§ Records supplied:
#####

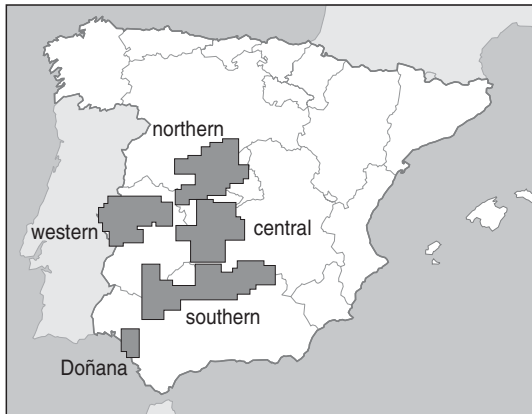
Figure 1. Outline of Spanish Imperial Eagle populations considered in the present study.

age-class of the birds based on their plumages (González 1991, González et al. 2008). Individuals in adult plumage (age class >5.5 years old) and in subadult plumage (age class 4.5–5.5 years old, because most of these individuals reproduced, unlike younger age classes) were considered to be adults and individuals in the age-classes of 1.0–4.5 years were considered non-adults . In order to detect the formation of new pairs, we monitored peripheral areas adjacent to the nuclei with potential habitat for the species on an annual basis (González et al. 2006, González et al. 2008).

#####

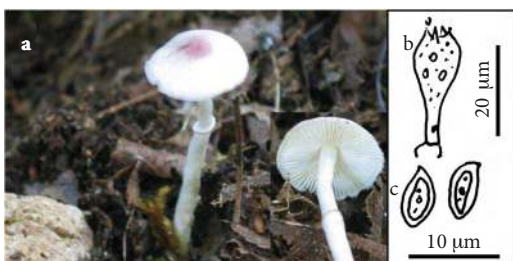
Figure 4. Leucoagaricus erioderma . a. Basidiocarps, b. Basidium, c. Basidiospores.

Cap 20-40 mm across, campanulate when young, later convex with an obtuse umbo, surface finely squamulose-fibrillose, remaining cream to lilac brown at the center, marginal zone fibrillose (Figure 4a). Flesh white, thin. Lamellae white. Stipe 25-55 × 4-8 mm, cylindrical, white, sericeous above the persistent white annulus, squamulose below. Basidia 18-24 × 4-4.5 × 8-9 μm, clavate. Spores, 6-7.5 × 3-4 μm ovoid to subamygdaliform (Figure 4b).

#####

From the line that has "Figure 1. Outline" through the line that has "age-class of the", copy every line exactly as it appears above, and leave out all others.

§ Output of the task:
Figure 1. Outline of Spanish Imperial Eagle populations considered in the present study.

age-class of the birds based on their plumages (González 1991, González et al. 2008). Individuals in adult plumage (age class >5.5 years old) and in subadult plumage (age class 4.5–5.5 years old, because most of these individuals reproduced, unlike younger age classes) were considered to be adults and individuals in the age-classes of 1.0–4.5 years were considered non-adults . In order to detect the formation of new pairs, we monitored peripheral areas adjacent to the nuclei with potential habitat for the species on an annual basis (González et al. 2006, González et al. 2008).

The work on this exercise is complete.